Я решительно терялся в своих предположениях. Во всяком случае, ясно было одно: я нахожусь не в своем, не в советском госпитале.
В течение дня в палату не раз заходили санитары и медицинские сестры, оказывали мне разные услуги, приносили еду, интересовались, не нужно ли мне чего. Большинство из них обращалось ко мне по-немецки, некоторые говорили по-латышски. Но я, памятуя данный мне утром совет, отвечал на все вопросы только легкими движениями головы.
Под вечер ко мне зашла моя незнакомка. Она села возле койки, слегка улыбнулась и погладила мою руку. Она заговорила со мной по-английски и шепотом, так что, если за дверью и подслушивали, никто ничего бы не разобрал.
– Терпение, прежде всего терпение, и вы все узнаете, – мягко, но настойчиво сказала она. – Пока что вы Август Берзинь, вы говорите по-немецки, по-английски, по-латышски, и только по-русски вам не следует говорить, вы вообще должны забыть о том, что вы русский. Позже я вам все объясню.

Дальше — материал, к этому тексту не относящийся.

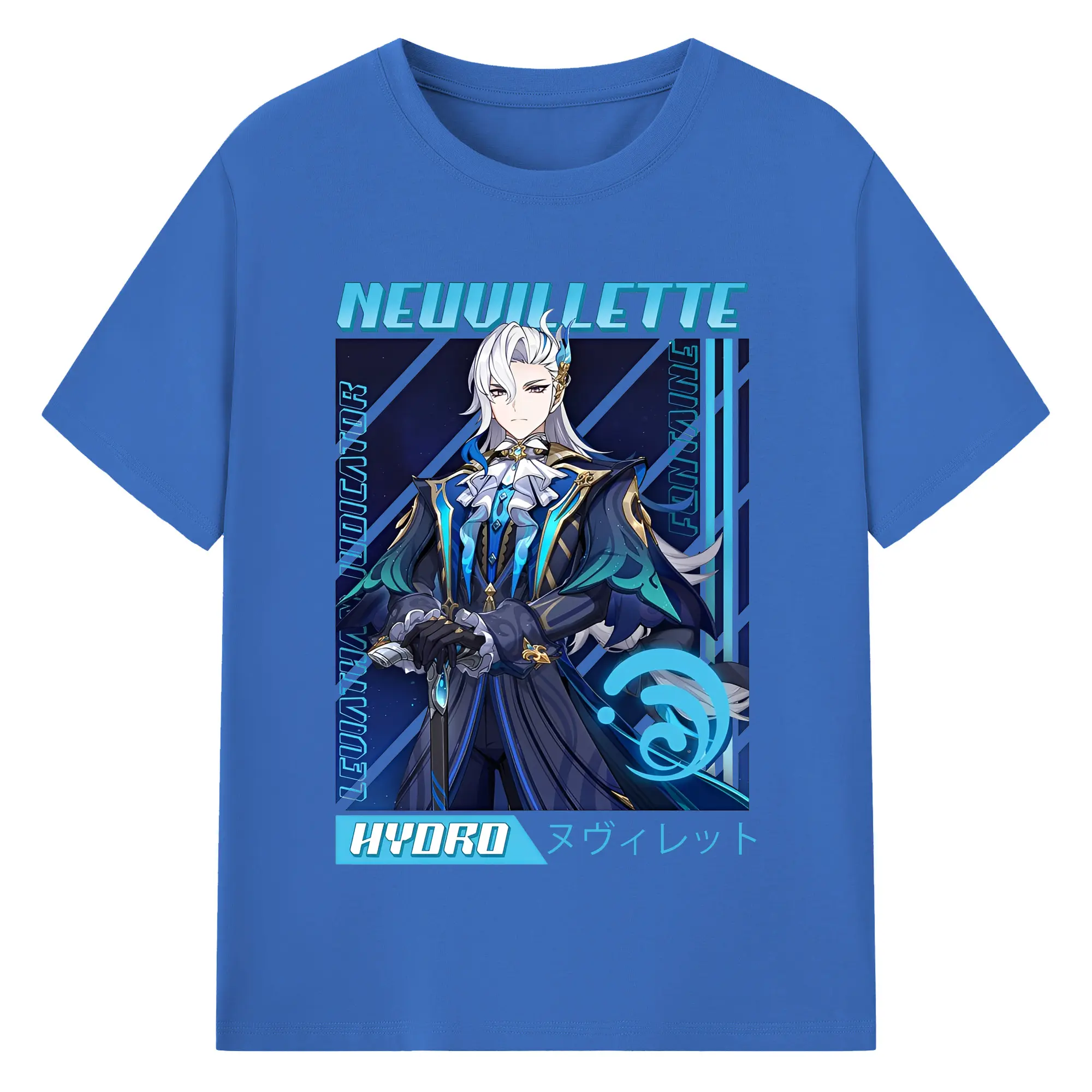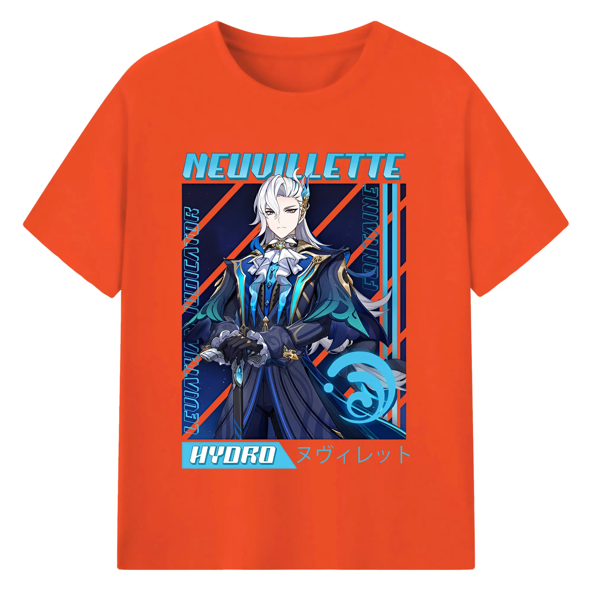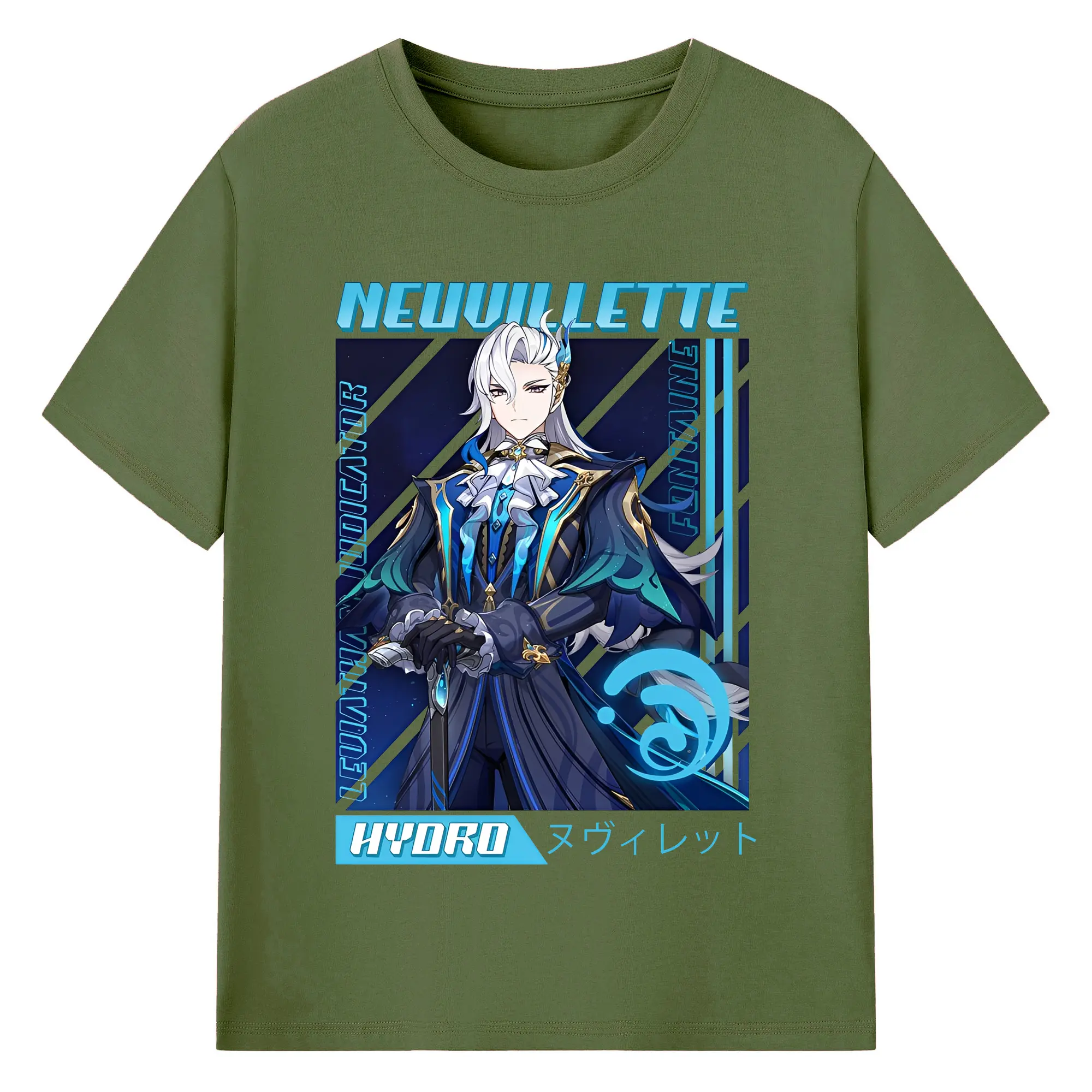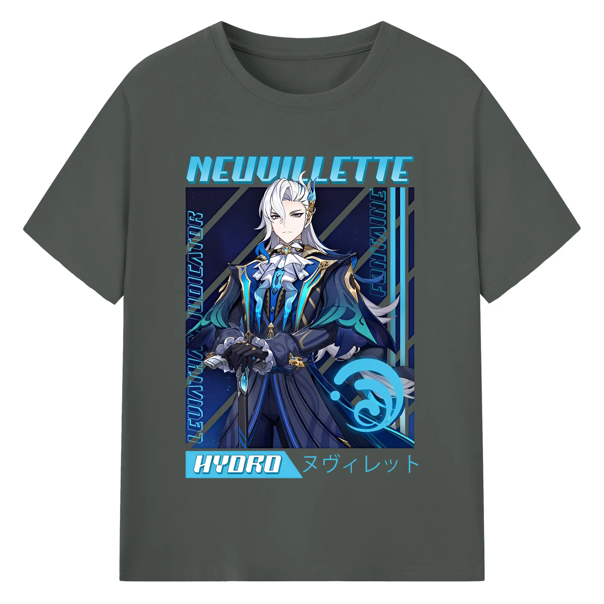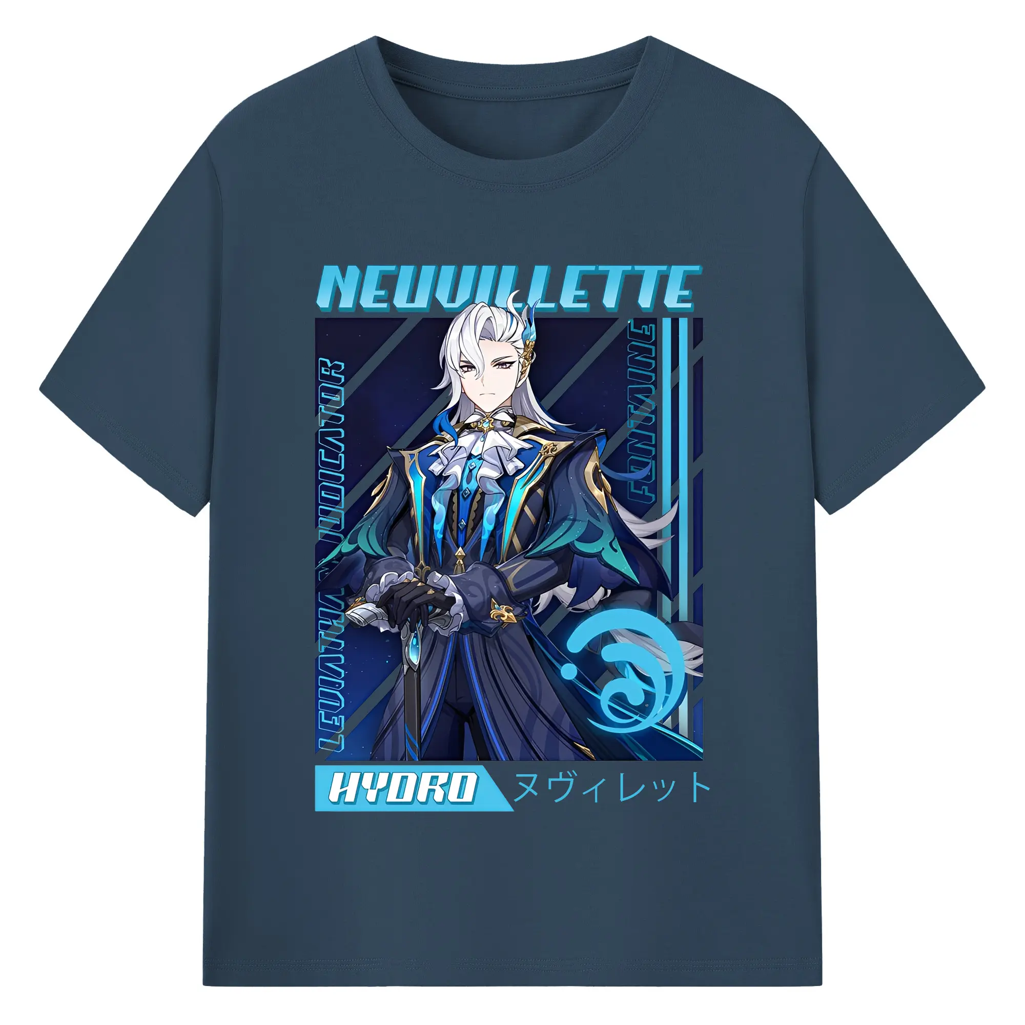 原神 Neuvillette ファン必見!カッコいいデザイン - 綿100% ヴィンテージ風 半袖Tシャツ ・ フロントプリント ・ 柔らか肌触り ・ 通気性 快適 ・ スポーツ カジュアル 外出用

Я принялся ее расспрашивать, но мало что узнал из ее ответов.
– Где я?
– В немецком госпитале.
– А что все это значит?
– Узнаете.
– А сами вы кто?
Она усмехнулась.
– Не помните? Я уже вам говорила. – Подумала и добавила: – Полностью меня зовут Софья Викентьевна Янковская, и мы давно с вами знакомы, это вы должны помнить. – Она встала и заговорщически приложила палец к своим губам.
– Поправляйтесь, помните мои советы, и все будет хорошо.
Она ушла и не показывалась целых два дня, в течение которых меня мучили всякого рода догадки и предположения, пока наконец, прислушиваясь к разговорам окружающих и тщательно взвешивая каждое услышанное слово, я не догадался о том, что произошло.